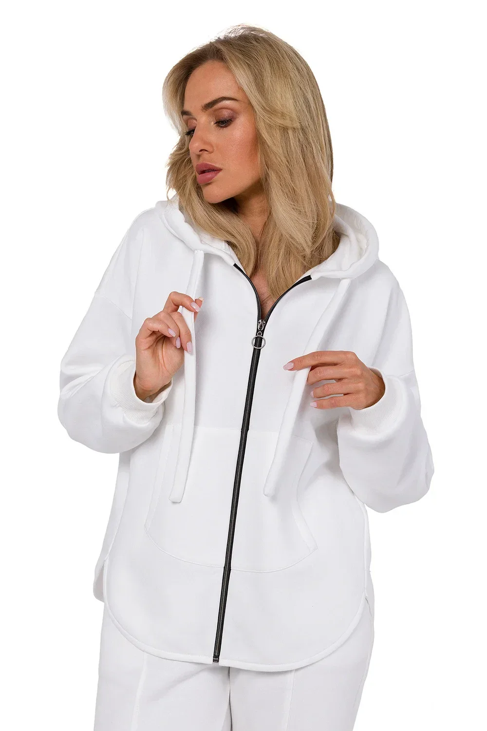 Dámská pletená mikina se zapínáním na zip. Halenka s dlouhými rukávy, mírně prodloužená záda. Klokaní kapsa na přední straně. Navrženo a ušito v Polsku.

--

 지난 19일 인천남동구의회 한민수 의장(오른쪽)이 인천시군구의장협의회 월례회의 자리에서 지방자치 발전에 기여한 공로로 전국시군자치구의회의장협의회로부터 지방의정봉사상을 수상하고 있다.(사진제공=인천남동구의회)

==

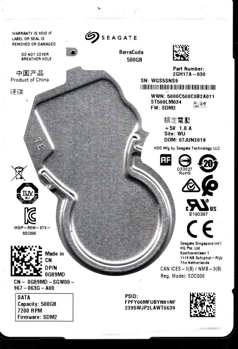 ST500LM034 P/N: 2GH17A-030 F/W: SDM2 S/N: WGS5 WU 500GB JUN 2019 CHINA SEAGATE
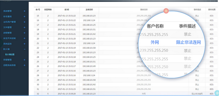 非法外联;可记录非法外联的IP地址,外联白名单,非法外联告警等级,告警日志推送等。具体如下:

Directions for this task: The stretch above running from the line with "ST500LM034 P/N: 2GH17A-030" through the line with "非法外联;可记录非法外联的I" is all you should copy, exactly, leaving out the pictures.

Your response:
 ST500LM034 P/N: 2GH17A-030 F/W: SDM2 S/N: WGS5 WU 500GB JUN 2019 CHINA SEAGATE
 非法外联;可记录非法外联的IP地址,外联白名单,非法外联告警等级,告警日志推送等。具体如下:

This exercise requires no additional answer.